The bold museum reflecting a “moonlight” experience of the unseeable

Robert Wright visits the UK's only Faith Museum, in Bishop Auckland, and hears how its funder hopes to inspire reflection on the divine.

Robert is a journalist at the Financial Times.

 

A art installaton showing purple and pink flame-like shapes moving in a darkened room
The Eidolon art installation.

It takes a moment to grow accustomed to walking in the dark of the long, steeply roofed room that houses Mat Collishaw’s art installation Eidolon. But the artwork’s impact is immediate. Two huge, moving images in the middle of the room show a blue iris flower. It is being engulfed by flames but not consumed. Speakers play, in Latin, a story from the Hebrew bible’s Book of Daniel in which three young Jewish men survive being thrown into a fiery furnace for refusing to worship the Babylonian king. The artwork is a rare successful attempt to capture in modern art the essence of Christ’s crucifixion and the Christian tradition of martyrdom, with its roots in earlier Jewish beliefs.

Watch Eidolon

Eidolon is one of the highlights of the UK’s first Faith Museum, a bold project opened on October 7 in Bishop Auckland castle, the historic residence of the Bishops of Durham. The museum forms part of The Auckland Project, a series of initiatives in Bishop Auckland, north-west of Darlington, being funded by Jonathan Ruffer, a Christian and successful City investor. Ruffer’s childhood home was outside nearby Middlesbrough. The new institution aims to tell the story of 6,000 years of faith in Great Britain, starting with the Gainford cup and ring stone. The stone, found 90 years ago 10 miles from Bishop Auckland, may date from as early as 4,000BCE. It features carvings regarded as the earliest evidence of religious practice in Great Britain. 

Jonathan Ruffer.

A man stands in a formal dining room that has traditional paintings on the walls
Jonathan Ruffer, in Bishop Auckland Castle.
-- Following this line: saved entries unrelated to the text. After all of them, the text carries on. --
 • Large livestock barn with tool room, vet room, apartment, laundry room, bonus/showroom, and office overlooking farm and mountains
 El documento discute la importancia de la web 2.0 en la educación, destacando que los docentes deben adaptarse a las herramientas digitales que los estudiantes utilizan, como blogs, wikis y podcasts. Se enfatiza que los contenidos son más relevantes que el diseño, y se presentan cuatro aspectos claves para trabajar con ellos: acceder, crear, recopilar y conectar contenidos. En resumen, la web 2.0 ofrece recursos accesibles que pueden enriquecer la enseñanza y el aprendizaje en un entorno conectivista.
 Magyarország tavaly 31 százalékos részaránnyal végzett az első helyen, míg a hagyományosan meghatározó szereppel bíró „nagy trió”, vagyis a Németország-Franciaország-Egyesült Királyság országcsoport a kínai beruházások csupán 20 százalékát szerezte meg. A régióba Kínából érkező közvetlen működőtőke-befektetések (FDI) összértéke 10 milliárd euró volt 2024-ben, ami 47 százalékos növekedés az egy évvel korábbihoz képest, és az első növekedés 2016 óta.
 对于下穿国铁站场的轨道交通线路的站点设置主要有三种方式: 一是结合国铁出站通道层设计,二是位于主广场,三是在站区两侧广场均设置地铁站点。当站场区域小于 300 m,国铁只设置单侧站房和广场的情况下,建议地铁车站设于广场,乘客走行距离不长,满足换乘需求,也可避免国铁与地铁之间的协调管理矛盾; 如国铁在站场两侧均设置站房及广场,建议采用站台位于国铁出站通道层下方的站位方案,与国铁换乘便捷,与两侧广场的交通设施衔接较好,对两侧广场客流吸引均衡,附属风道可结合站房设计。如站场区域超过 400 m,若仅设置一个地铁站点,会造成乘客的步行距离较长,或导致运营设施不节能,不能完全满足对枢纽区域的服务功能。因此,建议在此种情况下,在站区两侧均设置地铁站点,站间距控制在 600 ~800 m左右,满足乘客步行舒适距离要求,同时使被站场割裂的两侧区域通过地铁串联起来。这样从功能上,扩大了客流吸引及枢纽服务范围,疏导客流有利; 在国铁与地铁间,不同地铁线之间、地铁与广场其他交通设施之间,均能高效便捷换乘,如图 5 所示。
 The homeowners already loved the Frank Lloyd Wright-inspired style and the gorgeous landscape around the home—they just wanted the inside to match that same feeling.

Ruffer, however, declines to link the museum’s contents to his own faith or an explicitly Christian message. He insists that he is merely seeking to advance discussion of faith in a society where it is little debated but remains a potent force. In the living room of Castle Lodge, his home in the castle grounds, Ruffer compares the contemporary taboo about religion with the very different mores of the 19th century. 

“Nobody talked about sex in Victorian times,” he says. “It’s impossible to imagine that because the public world was silent on it, it was not as much a guiding force as it is today. I think that’s where faith is now.” 
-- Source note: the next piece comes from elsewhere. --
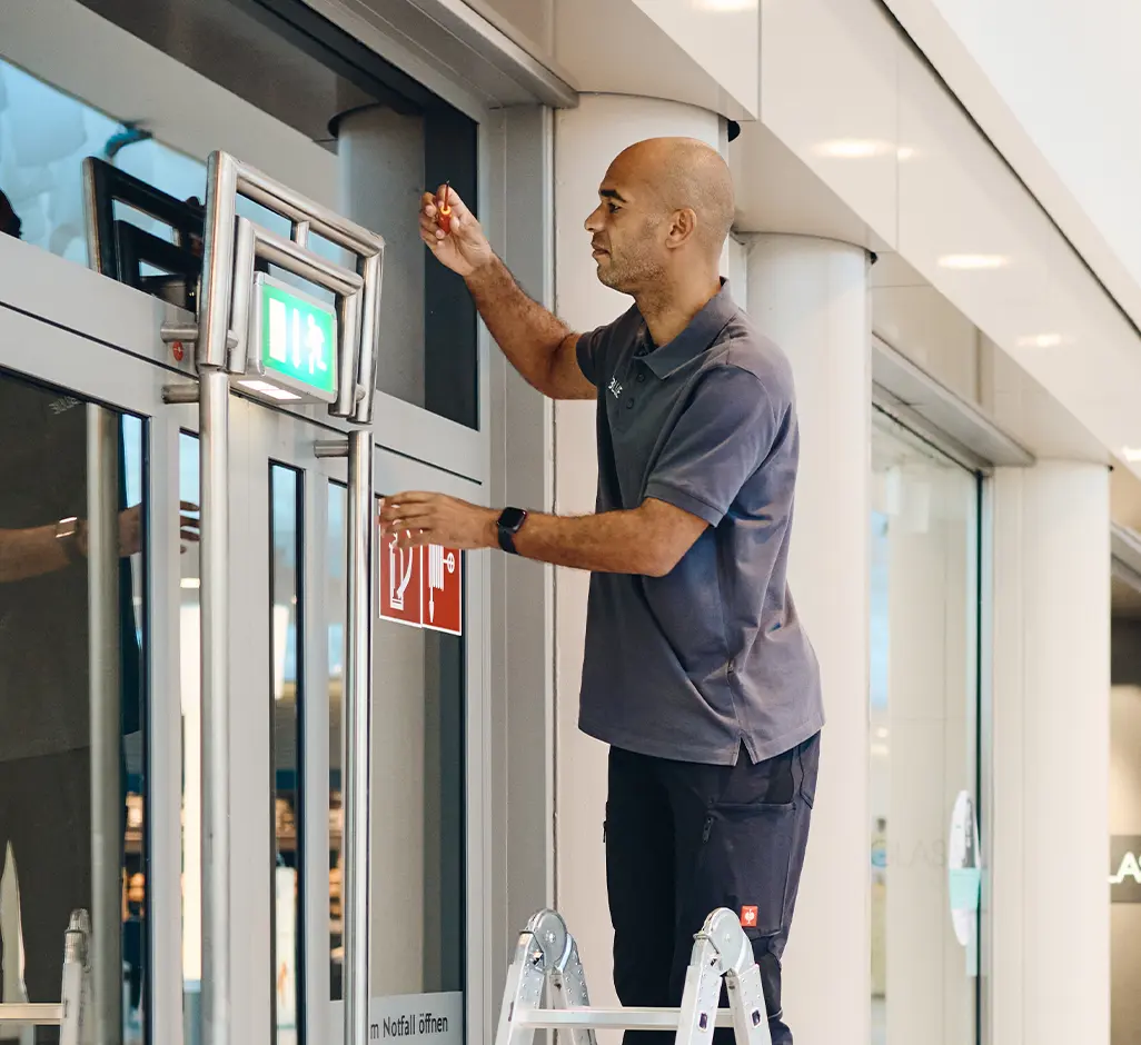- Überprüfung und Wartung von Automatiktüren und Rolltoren nach den jeweils aktuell geltenden Sicherheitsbestimmungen – inkl. Messungen nach ASR A1.7, die nur qualifizierte Sachverständige wie unsere BLUE-Servicetechniker durchführen dürfen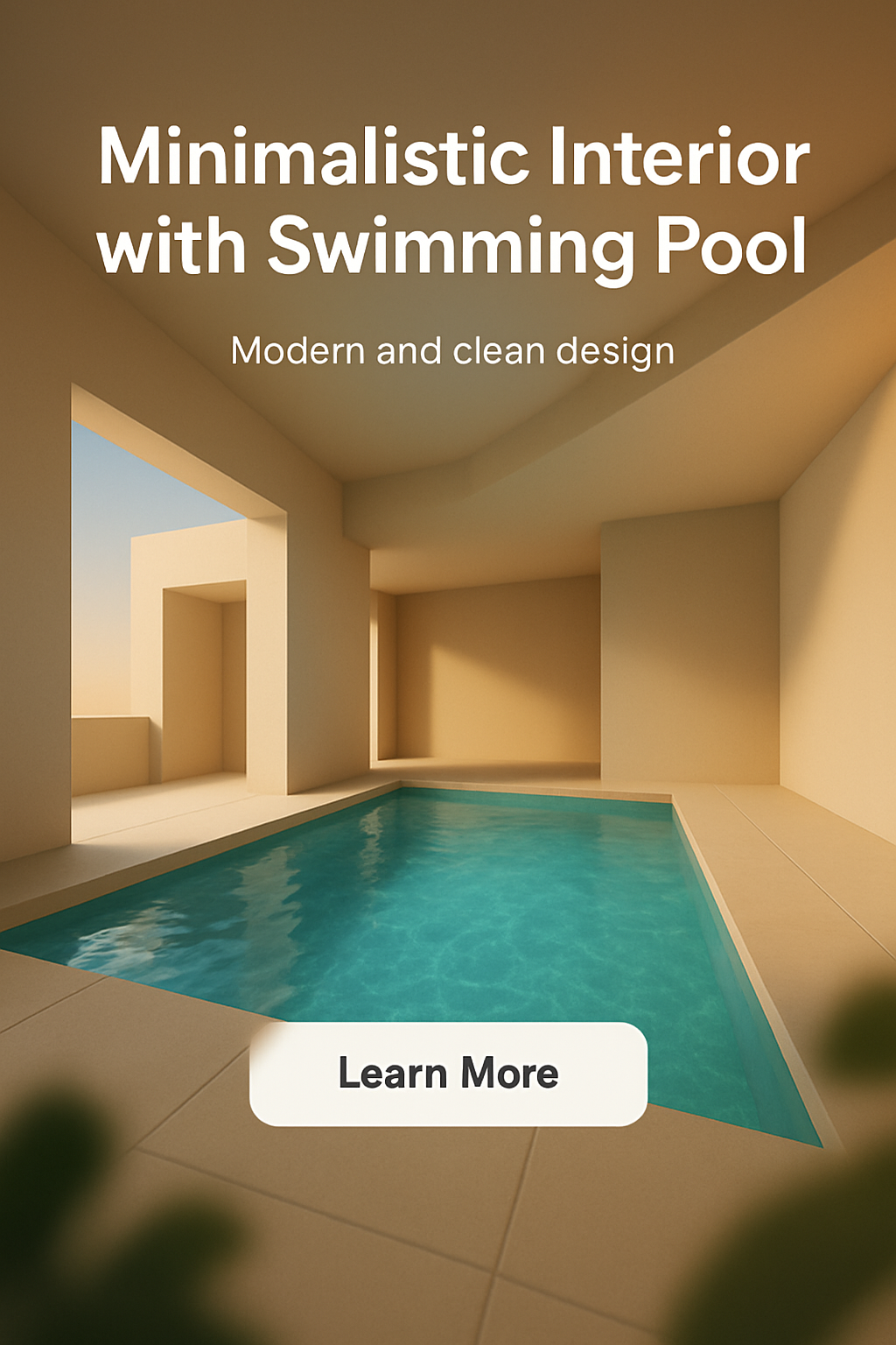 This graphic portrays a modern, minimalistic interior design featuring a swimming pool. It uses a clean aesthetic suitable for promotional purposes.

He adds that the 10-year process of establishing the museum has made it “absolutely apparent” to him why there are no other similar institutions. 

“What is a museum for?” he asks. “It’s to gawp at things and if you think what is the subject matter of a faith museum, it’s God. In whatever form and shape that you believe that God to be, you cannot see that topic.” 

The museum is nevertheless rich in sometimes poignant objects that the curators call “witnesses” of faith. They include the Binchester Ring, a ring with Christian symbols dating from the third century of the Christian era. The ring, found only a mile from the museum, is regarded as the earliest known evidence for Christian practice in Britain. There is a small slate, engraved on one side, that served as an altar for Recusant Roman Catholics while their Church was out in the cold and had to stay hidden during the Reformation years. The slate could be turned over and disguised as a normal roof slate when not in use. The museum has on loan the Bodleian Bowl – a rare example of a ceremonial vessel used by one of England’s Jewish communities before King Edward I expelled the group in 1290. 

Ruffer says the impact of the objects – many on loan from other museums - comes from their histories. 

“There’s a great power in the objects that we have,” he says. 

Eileen Harrop.

A priest stands in front of lead glass windows and carved seats.
Eileen Harrop, entrepreneur priest and museum advisor.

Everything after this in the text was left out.